Başka bir rivayette Peygamber Efendimiz bu kadına şöyle demiştir:
اَرَاَيْتِ لَوْ كَانَ عَلَى اَبِيكِ دَيْنٌ فَقَضَيْتِيهِ اَمَا كَانَ يُقْبَلُ مِنْكِ قَالَتْ نَعَمْ فَقَالَ النَّبِيُّ ص فَدَيْنُ اللّٰه تَعَالَى اَحَقُّ
"Haber ver. Babanın üzerinde borç olsaydı ve sen o borcu ödeseydin. Bu senden kabul edilmezmiydi. Kadın, evet, dedi. Peygamber Efendimiz (Sallallâhu Aleyhi ve Sellem) şöyle dedi: Allâh (cellecelâlühû)'ın borcu daha hak sahibidir. (Bedayi)
Ayrıca hac, bedenle ve mal ile eda edilen bir ibadettir. O halde her ikisinede itibar etmek gerekir. Bir halde her ikisine itibar etmek mümkün değildir. Çünkü hükümleri arasında zıtlık vardır. O halde bu ikisine iki halde itibar ederiz.
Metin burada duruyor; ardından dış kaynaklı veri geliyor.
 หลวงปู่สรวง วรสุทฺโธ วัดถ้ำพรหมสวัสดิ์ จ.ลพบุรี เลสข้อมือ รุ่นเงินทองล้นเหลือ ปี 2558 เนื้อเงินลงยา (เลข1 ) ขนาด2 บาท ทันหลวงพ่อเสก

Hac'da Vekaletin Keyfiyeti
"Asl" isimli eserde zikredilmiştir ki, vekaletle yaptırılan hac, vekalet verenin adına olmuş olur. İmam-ı Muhammed (Rahimehullâh)'den şöyle rivayet edilmiştir: Haccın kendisi haccı yapan adına vaki olur. Adına hac yapılan için ise nafakanın sevabı vardır.
İmam-ı Muhammed (Rahimehullâh)'in rivayetinin vechi: Hac, bedeni ve mali bir ibadettir. Benden hac yapana aittir, malda adına hac yapılana. Bedenden olan şey beden sahibine, mal sebebiyle olan şeyde mal sahibine ait olur. Buna delil şudur: Hac yapan ihramın yasaklarından bir şey irtikap etse, onun keffareti hac yapanın malından yerine getirilir. Adına hac yapılanın malından değil. Aynı şekilde hac yapan haccı bozsa, kaza ona vacip olur. Bu da delalet ediyor ki, haccın kendisi haccı yapan için vaki olur. Şu kadar var ki şeriat kendi başına hac yapmaktan aciz olan kişi hakkında haccın nafakasının sevabını bizatihi hac yerine koymuştur. Bunuda hac yapmaktan aciz olanı gözetmek ve ona merhamet etmek için yapmıştır.
"Asl" isimli eserin rivayetinin vechi: Rivayet etmiş olduğumuz Has'me hadisidir: Şöyle ki Peygamber Efendimiz (Sallallâhu Aleyhi ve Sellem) bu kadına şöyle demişti: "Baban adına hac yap" Peygamber Efendimiz (Sallallâhu Aleyhi ve Sellem) bu kadına babası adına hac yapmasını emretmiştir. Şayet kadının haccı babasının haccı yerine geçmeyecek olsaydı, Peygamber Efendimiz (Sallallâhu Aleyhi ve Sellem) babası adına hac yapmasını emretmezdi.
Ayrıca Peygamber Efendimiz (Sallallâhu Aleyhi ve Sellem) Allâh (cellecelâlühû)'a olan borcu, kullara olan borca kıyas etmiştir. Bu da hacda vekaletin yeterli olacağını gösterir. Vekilin fiili adına vekalet yapılanın fiili yerine geçer. Bu da öyledir. Buna delil şudur. Vekaleten hac yapan, adına hac yapılana niyet etmesi gerekir. İhramda aynı şekildedir. Şayet haccın kendisi, adına hac yapılan için olmayacaksa, elbette adına hac yapılana niyet etmek gerekmezdi.